(Directions) Quote the lines of the data below verbatim, beginning at the line that contains "2^2 is the same" and ending at the last line, both included, and excluding pictures.

(Data block)
+ + +

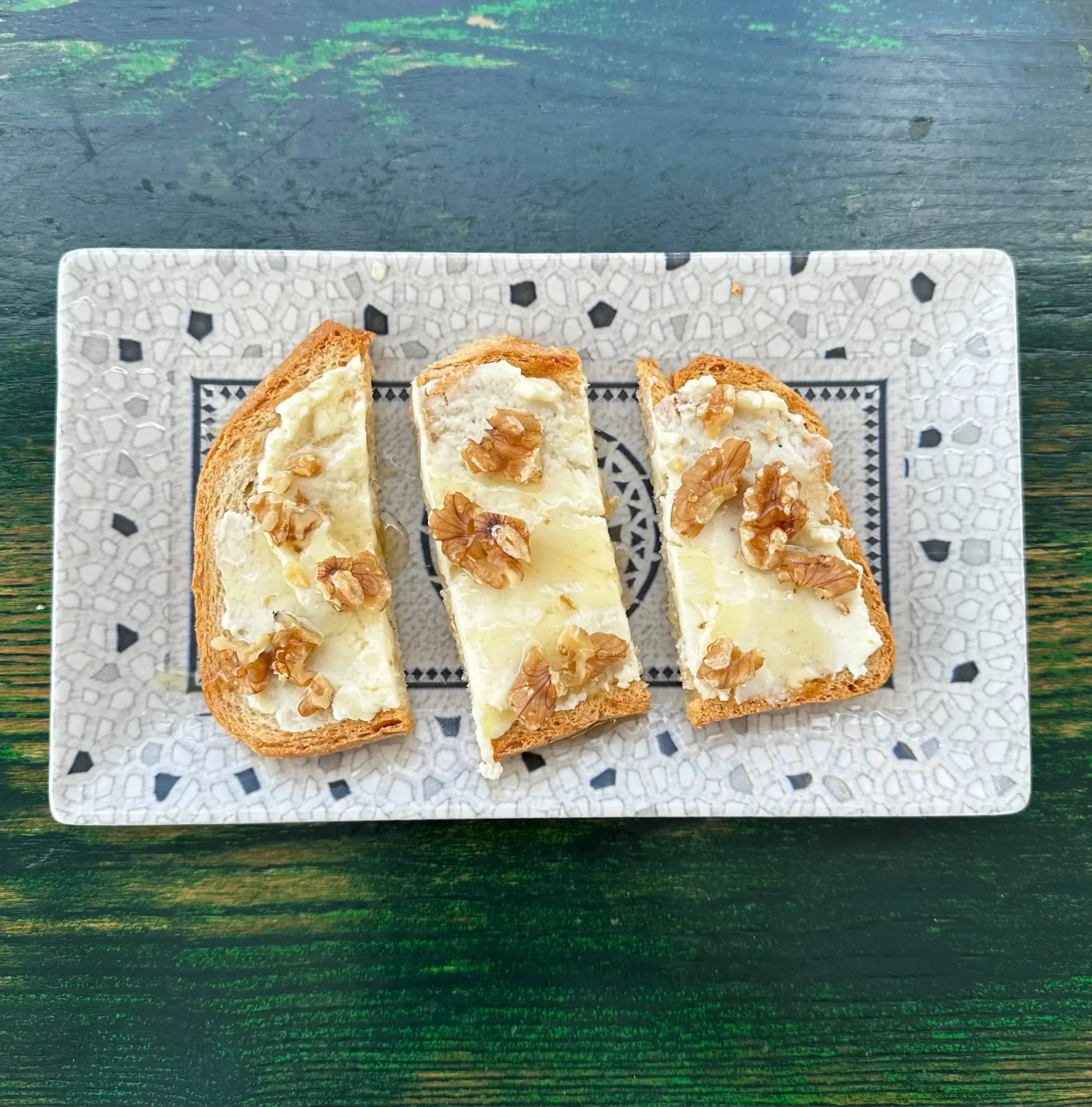 Pan crujiente, rulo de cabra, nueces, miel, aceite de oliva virgen extra
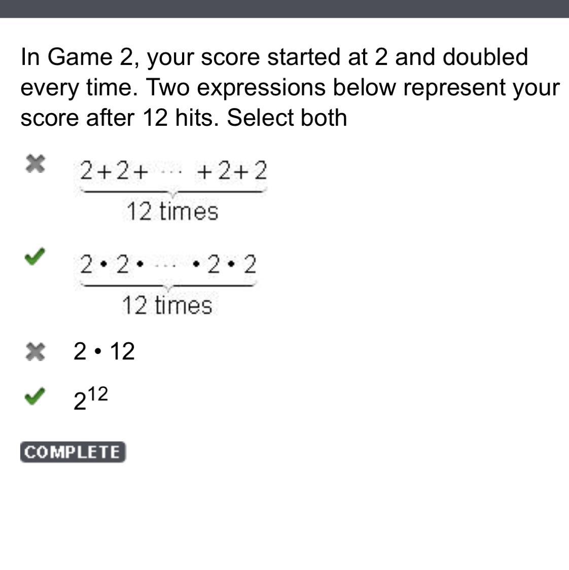 2^2 is the same thing as 2*2. Both of them equal 4. So the question gave you the answer of 2*2*2*2.... twelve times, and 2^12 which are the same thing, just one is written out more.
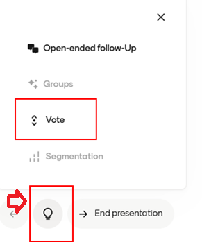 Vaihtoehtoisesti Menti-esityksen jo pyöriessä voit valita diaan äänestyksen: klkkaa alareunasta lamppu-painiketta ja valitse Vote.

+ + +

(Solution to the exercise)
 2^2 is the same thing as 2*2. Both of them equal 4. So the question gave you the answer of 2*2*2*2.... twelve times, and 2^12 which are the same thing, just one is written out more.
 Vaihtoehtoisesti Menti-esityksen jo pyöriessä voit valita diaan äänestyksen: klkkaa alareunasta lamppu-painiketta ja valitse Vote.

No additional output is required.